In 2023, ÖBB is less profitable with more passengers

The freight transport and infrastructure sector posted higher profits than in 2022, according to annual figures released on Friday. Freight subsidiary Rail Cargo posted profits that almost doubled to €13m – but only as the financial result for the year turned significantly into the black. There was an operational loss of 10 million euros. Sales remained relatively stable, while throughput (ton kilometers/tkm) fell 8.4 percent to 26.1 billion tkm. This is less than 2020 was the year of Corona. In the infrastructure sector, the loss turned from 2022 to a profit of 7.7 million euros in 2023.

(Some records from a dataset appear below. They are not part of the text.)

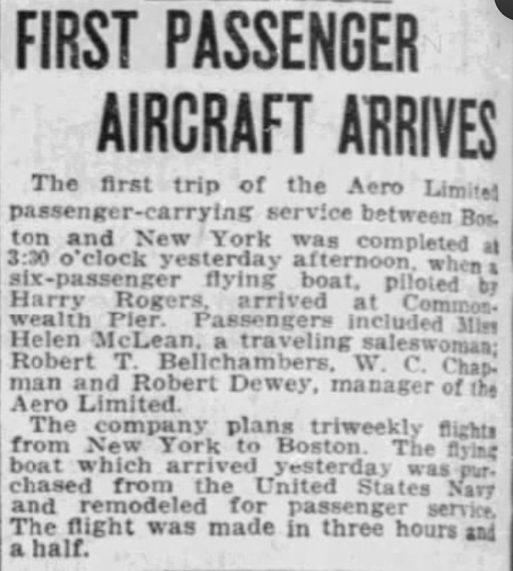 The first trip of the Aero Limited passenger-carrying service between Boston and New York… a six-passenger flying boat, piloted by Harry Rogers, arrived at Commonwealth Pier. . . . The flying boat which arrived yesterday was purchased from the United States Navy and remodeled for passenger service. The flight was made in three hours and a half.
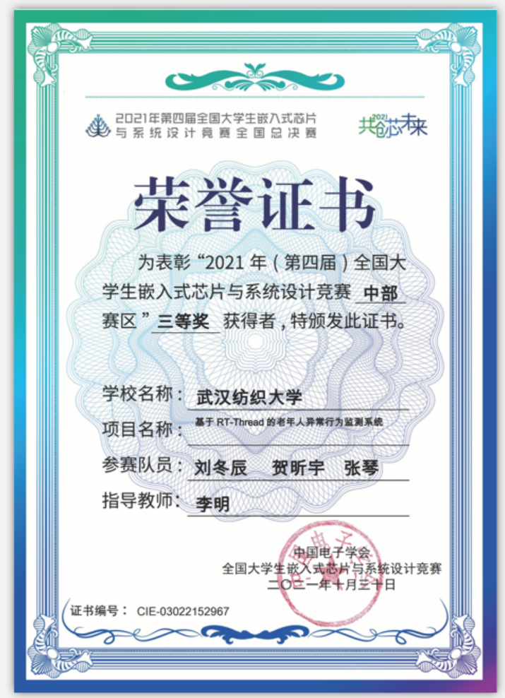近日,第四届全国大学生嵌入式芯片与系统设计竞赛因疫情防控需要,在线上进行了决赛。经ok138cn太阳集团529李明副教授指导,由19级本科生刘东辰、贺昕宇、张琴组成的参赛队伍完成了“基于RT-Thread的老年人异常行为检测系统”,荣获了三等奖。
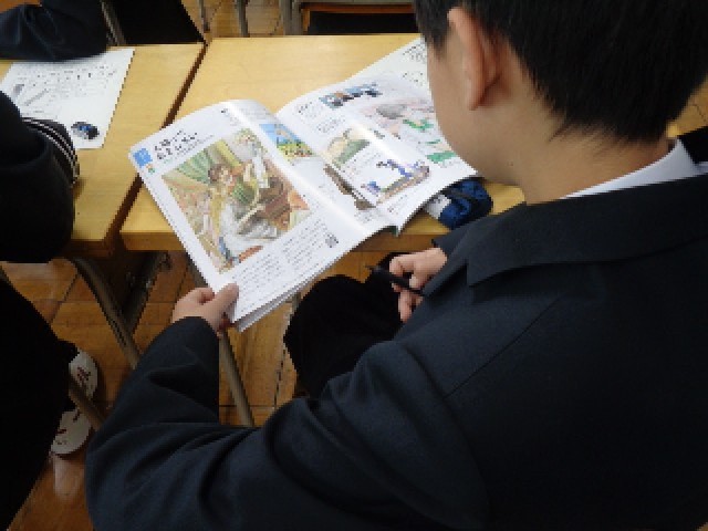 英語では、Unit1の扉ページを題材に動画を視聴し、その内容について自分の感想も含め、1分以内で英語による説明を行う活動に取り組みました。説明はChromebookで自撮り録画し、Classroomを通して提出しました。
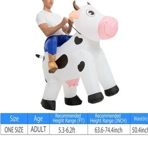 【Product Size】Deluxe Version of Inflatable Cow Costume. Adult Size. One Size Fits for 5.3-6.2ft/63.6-74.4inch.
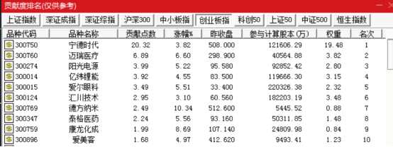 早盤(pán)對(duì)創(chuàng)業(yè)板指貢獻(xiàn)度居前股票
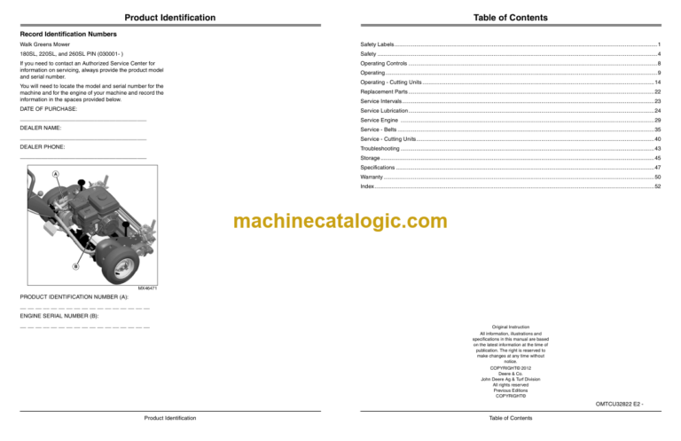 John Deere 180SL, 220SL and 260SL Walk Greens Mower INDEX:
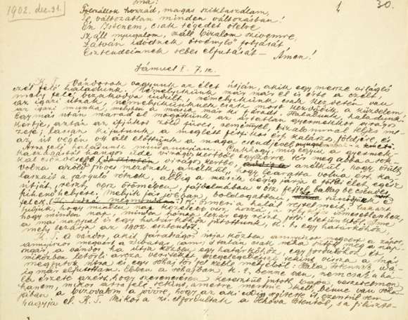 Kedves Testvéreim! Vándorok vagyunk az élet útján, akik egy messze világító czél felé haladunk. Némelyikünk már el is érte a czélt, mely felé bizakodva indult, némelyikünk csak kezdetén van az igazi útnak, némelyikünknek csak most kezdődik a küzdelem, az igazi munka, melyben a másik már ki fáradt. Haladunk, haladunk! Egymás után marad el mögöttünk az ártatlan gyermekkor virágos kertje, aztán az ifjúkor zöld füves, reménnyel, bizalommal teljes mezeje; lassan kijutunk a meglett férfikor ért, kalászos földjére és az út végén ott áll előttünk a maga csendjével, nyugalmával – a temető. Arrafelé haladunk mindannyian… Csakhogy, míg egyik a gyermek kaczagástól hangos üde virágos kertből egyszerre tér meg abba a sokkal csöndesebb virágos kertbe, anélkül, hogy örült volna a zöld füves mezőnek, anélkül, hogy learatta volna ért kalászait a sárguló rétnek, addig a másik végig járja e földi élet egész útját, részt vesz örömében, fájdalmában s ősz fejjel ballag be csendes pihenőhelyére. Melyik jár jobban, boldogabban, ne tűnődjünk most e felett. Ki ösmeri a halál rejtelmeit? Csak azt tudjuk, hogy minden nap közelebb visz hozzá, a rejtélyes ismeretlenhez, hogy minden nap, minden hónap lezár egy részt földi életünkből. Íme, a mai nappal is egy határkőhöz jutottunk, kedves testvéreim, egy határkőhöz, mely lezárja az 1902. esztendőt.
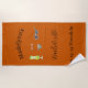 Inicie a festa com essas toalhas de praia fofas que são fáceis de personalizar para a despedida de solteira, ou fim de semana das meninas! O design moderno estilo festa apresenta imagens com tema de praia de um copo de coquetel, biquíni e óculos de sol com letras pretas em negrito em um fundo laranja queimado. Personalize com três linhas de texto personalizado; mostrado com o nome da noiva, tipo de evento, local e data. Todo o texto, imagem e plano de fundo podem ser editados de acordo com a sua preferência.
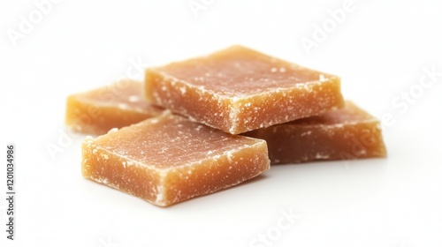 Delicious Soft Brown Caramel Candy Squares on White Background

Last year, ÖBB made record investments of 4.5 billion euros in infrastructure and new trains. As a result, net debt increased by 3 billion euros to 32.6 billion euros. By 2030, 330 new trains are expected to enter service and capacity will increase by 93,000 seats. For now, however, the high number of passengers still causes problems: “The lack of time is naturally affected by the increasing number of passengers,” write ÖBB. Only 80.3 per cent trains were run on time in long distance transport, 95.7 per cent in local transport. This means that ÖBB is still one of the most punctual trains in Europe, write ÖBB.

At the end of 2023, ÖBB had 45,041 employees, of whom nearly 4,600 were based abroad. This year, 3,500 new employees will be hired last year, a good 5,000 new ÖBB employees were added. Many of the new hires will primarily be to compensate for retirements and departures — the number of employees increased by only 672 from 2022 to 2023.